What the exercise asks |
Exactly the lines from the line with "Premium Imported Siberian" through the final line of the records below, both ends included, are to be set down. Do not include pictures.

[Opening Stored data section]

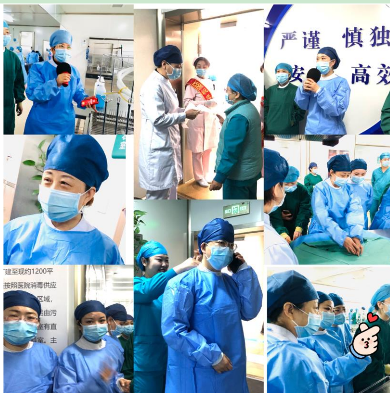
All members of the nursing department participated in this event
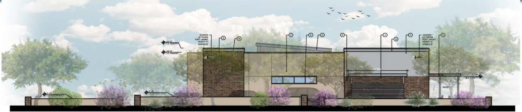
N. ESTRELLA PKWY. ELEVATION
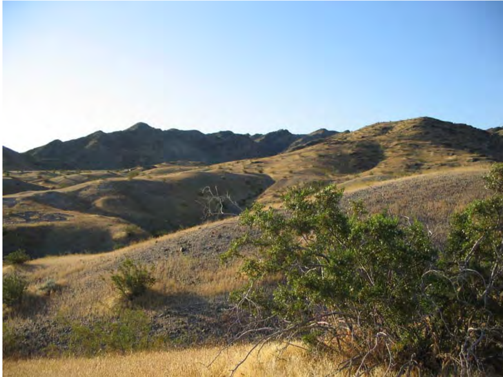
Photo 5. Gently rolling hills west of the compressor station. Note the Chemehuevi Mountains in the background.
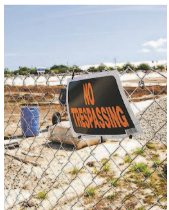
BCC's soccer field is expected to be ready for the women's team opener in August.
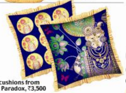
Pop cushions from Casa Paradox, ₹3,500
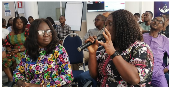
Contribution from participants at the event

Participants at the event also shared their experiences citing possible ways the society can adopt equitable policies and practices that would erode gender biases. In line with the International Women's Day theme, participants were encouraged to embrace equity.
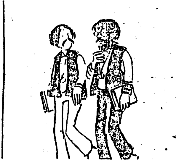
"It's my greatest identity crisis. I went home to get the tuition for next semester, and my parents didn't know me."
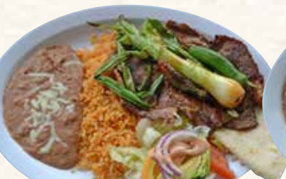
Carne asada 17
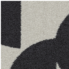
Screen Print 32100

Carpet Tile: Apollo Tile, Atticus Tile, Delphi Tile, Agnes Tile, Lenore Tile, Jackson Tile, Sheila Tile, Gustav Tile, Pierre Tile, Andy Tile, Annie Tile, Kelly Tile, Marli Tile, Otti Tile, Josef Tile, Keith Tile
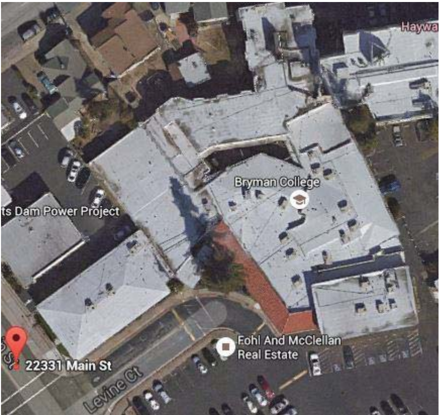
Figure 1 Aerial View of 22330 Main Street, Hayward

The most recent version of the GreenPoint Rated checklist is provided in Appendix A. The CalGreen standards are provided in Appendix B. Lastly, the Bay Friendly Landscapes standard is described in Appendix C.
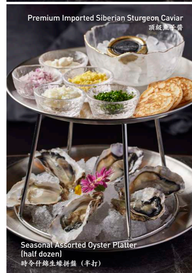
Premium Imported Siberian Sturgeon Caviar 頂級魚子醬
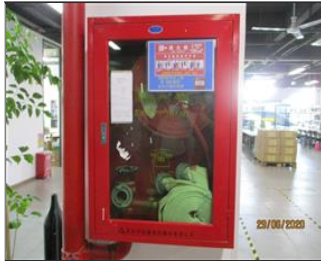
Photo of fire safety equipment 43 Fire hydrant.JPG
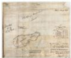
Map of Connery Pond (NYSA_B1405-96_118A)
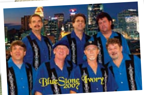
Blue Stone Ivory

[Closing Stored data section]

Result for this exercise |
Premium Imported Siberian Sturgeon Caviar 頂級魚子醬
Photo of fire safety equipment 43 Fire hydrant.JPG
Map of Connery Pond (NYSA_B1405-96_118A)
Blue Stone Ivory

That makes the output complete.